Gunna Sanjana, Saluja Rohit, Jawahar Cheerakkuzhi Veluthemana
Centre for Vision Information Technology, International Institute of Information Technology, Hyderabad 500032, India.
J Imaging. 2022 Mar 23;8(4):86. doi: 10.3390/jimaging8040086.
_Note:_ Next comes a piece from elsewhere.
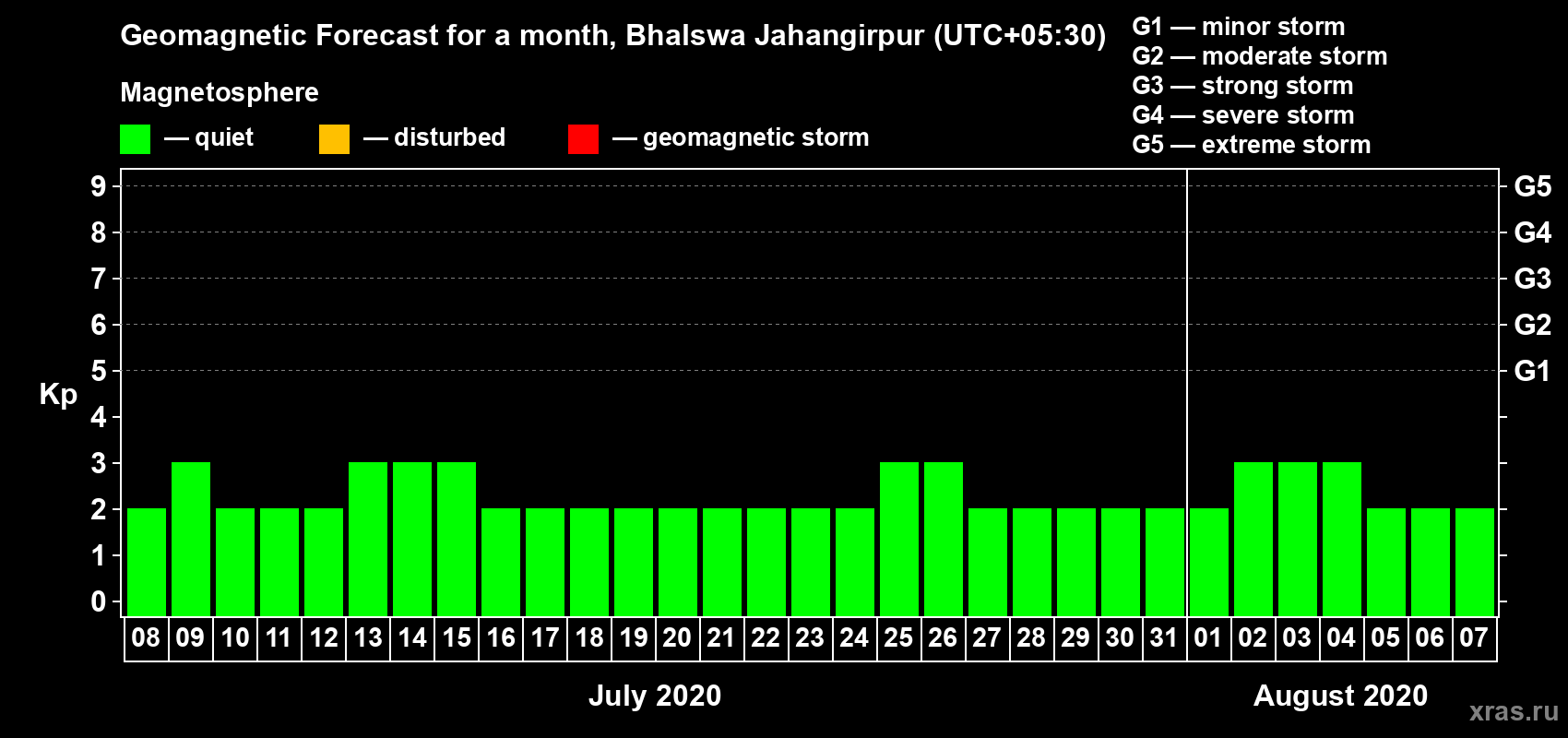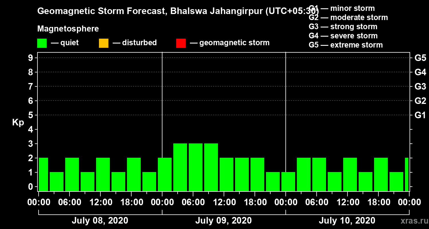 Geomagnetic storm forecast in Bhalswa Jahangirpur for Jul 08, 2020

Reading Indian scene texts is complex due to the use of regional vocabulary, multiple fonts/scripts, and text size. This work investigates the significant differences in Indian and Latin Scene Text Recognition (STR) systems. Recent STR works rely on synthetic generators that involve diverse fonts to ensure robust reading solutions. We present utilizing additional non-Unicode fonts with generally employed Unicode fonts to cover font diversity in such synthesizers for Indian languages. We also perform experiments on transfer learning among six different Indian languages. Our transfer learning experiments on synthetic images with common backgrounds provide an exciting insight that Indian scripts can benefit from each other than from the extensive English datasets. Our evaluations for the real settings help us achieve significant improvements over previous methods on four Indian languages from standard datasets like IIIT-ILST, MLT-17, and the new dataset (we release) containing 440 scene images with 500 Gujarati and 2535 Tamil words. Further enriching the synthetic dataset with non-Unicode fonts and multiple augmentations helps us achieve a remarkable Word Recognition Rate gain of over 33% on the IIIT-ILST Hindi dataset. We also present the results of lexicon-based transcription approaches for all six languages.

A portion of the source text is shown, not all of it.